Of course, despite the obvious advantages of the approach, some may ask why it’s worth pushing now at the expense of this improbable Republican policy proposal. Given the desperate need for climate action, if the CLC somehow managed to pull off a miracle and get their scheme to the President’s desk, wouldn’t that be a good thing?

If the goal of a climate bill is simply to commit the U.S. to symbolic action, then of course. Like Obama’s Clean Power Plan, the CLC plan would fall far short of achieving the reductions science says we need to stave off catastrophe. If we’re ever going to get serious about climate action, we’ll need a much more robust policy built around scientific targets and deep cuts. And when we’re ready to take that step, the constituency and bureaucracy that would spring up around the CLC scheme will render the policy shift that much harder. As we’re seeing with Obamacare, major polices develop a kind of inertia that can stymie efforts to repeal and replace.
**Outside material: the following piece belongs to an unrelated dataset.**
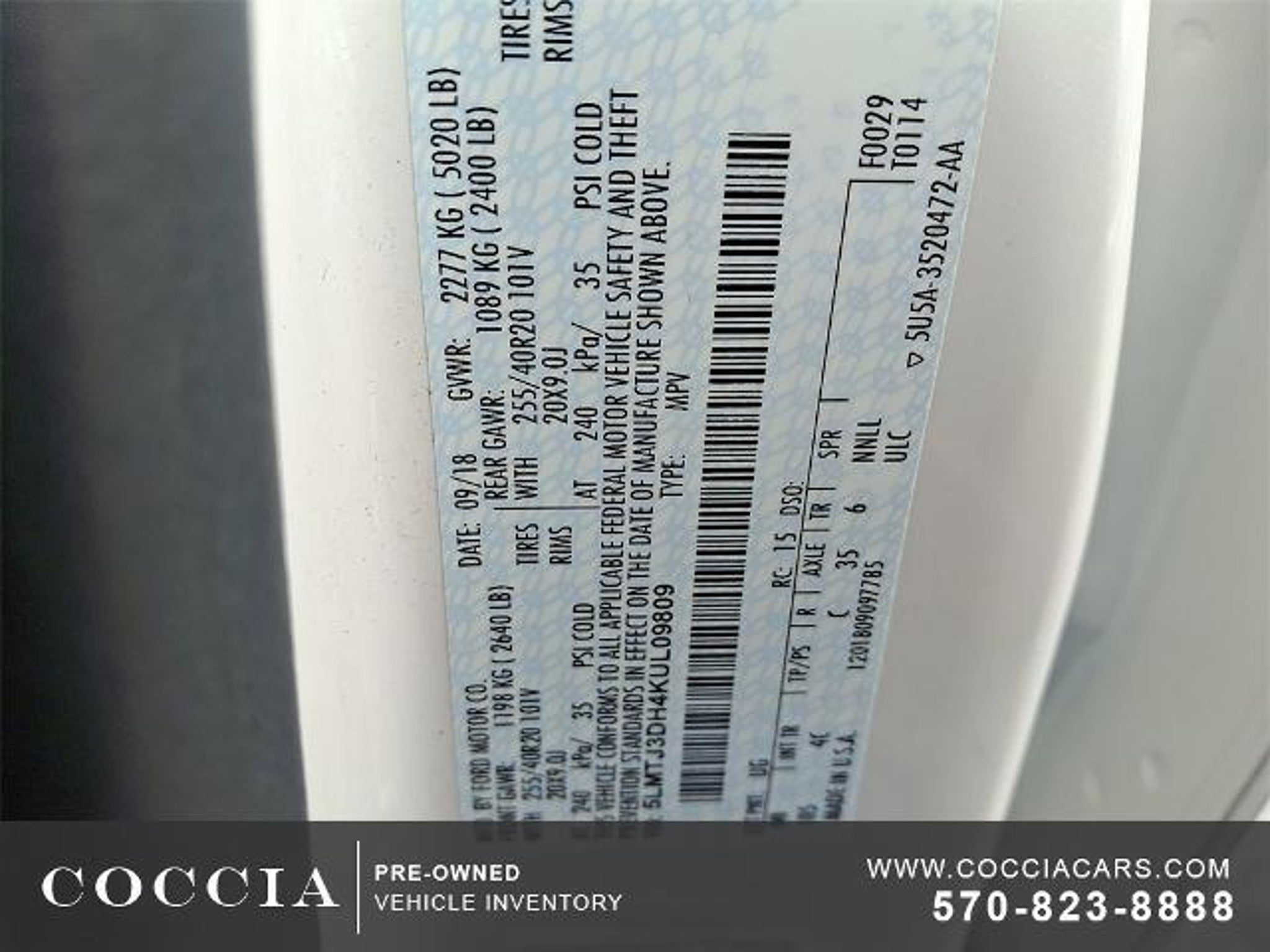 All Coccia Pre-Owned Vehicles undergo a rigorous reconditioning and inspection process and include a three month warranty! Odometer is 14433 miles below market average! 4D Sport Utility AWD 2.3L Turbocharged 6-Speed Automatic 18/25 City/Highway MPG One Owner, Clean Vehicle History Report, Buy at Coccia and receive complimentary inspections for the life of your vehicle, Complimentary car wash with every service visit, Convenient Saturday service department hours available, Family owned and operated for over 35 years!, 10 Speakers, 20 Ultra Bright Machined Aluminum Wheels, 3.51 Axle Ratio, Active Park Assist, Adaptive Cruise Control, Adaptive suspension, Air Conditioning, Alloy wheels, AM/FM radio: SiriusXM, AppLink/Apple CarPlay and Android Auto, Auto High Beams, Auto tilt-away steering wheel, Auto-dimming Rear-View mirror, Automatic temperature control, Brake assist, Bumpers: body-color, CD player, Compass, Delay-off headlights, Driver door bin, Driver vanity mirror, Electrochromic Rearview Mirror w/CADS Support, Electronic Stability Control, Enhanced THX II Certified Audio System, Equipment Group 300A, Exterior Parking Camera Rear, Forward Sensing System, Four wheel independent suspension, Front Bucket Seats, Front Center Armrest, Front dual zone A/C, Front fog lights, Front reading lights, Fully automatic headlights, Garage door transmitter, Genuine wood dashboard insert, Genuine wood door panel insert, HD Radio, Heated door mirrors, Heated front seats, Heated Rear Seats, Heated Steering Wheel, Illuminated entry, Lane Keeping System, Lincoln MKC Climate Package, Lincoln MKC Technology Package, Memory seat, Navigation System, Outside temperature display, Overhead console, Panic alarm, Passenger door bin, Passenger vanity mirror, Power door mirrors, Power driver seat, Power Liftgate, Power moonroof: Vista Roof, Power passenger seat, Power steering, Power windows, Pre-Collision Warning w/Pedestrian Detection, Prem Heated & Cooled Leather-Trimmed Bucket Seats, Radio data system, Radio: Audio System w/Single CD/MP3/Navigation, Rain Sensing Wipers, Rear reading lights, Rear seat center armrest, Rear window defroster, Rear window wiper, Remote keyless entry, Roof rack: rails only, Security system, SiriusXM Radio, Speed control, Speed-sensing steering, Speed-Sensitive Wipers, Split folding rear seat, Spoiler, Steering wheel memory, Steering wheel mounted audio controls, SYNC 3 Communications & Entertainment System, Tachometer, Telescoping steering wheel, Tilt steering wheel, Traction control, Trip computer, T
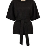 Mos Moshin syksyn uutta: musta ajaton pusero rennolla mallilla. Solmi mukana tuleva kangasvyö vyötärölle ja saat näyttävän asun vaikkapa suorien housujen kanssa.

The prospects for cap and dividend under GOP rule are certainly no bleaker, and are arguably brighter than those for a tax. Indeed, on the supposed conservative virtues the CLC authors ascribe to the tax, such as regulatory simplicity and market friendliness, the cap mechanism described above scores just as high, if not higher. What’s more, by emphasizing the cuts over the costs, and eliminating the problematic intergenerational ethics, the cap approach is one progressives could cheer about too.

Better then to fight to sustain an idea that might save us in the long run than to find solace in illusory beacon of hope.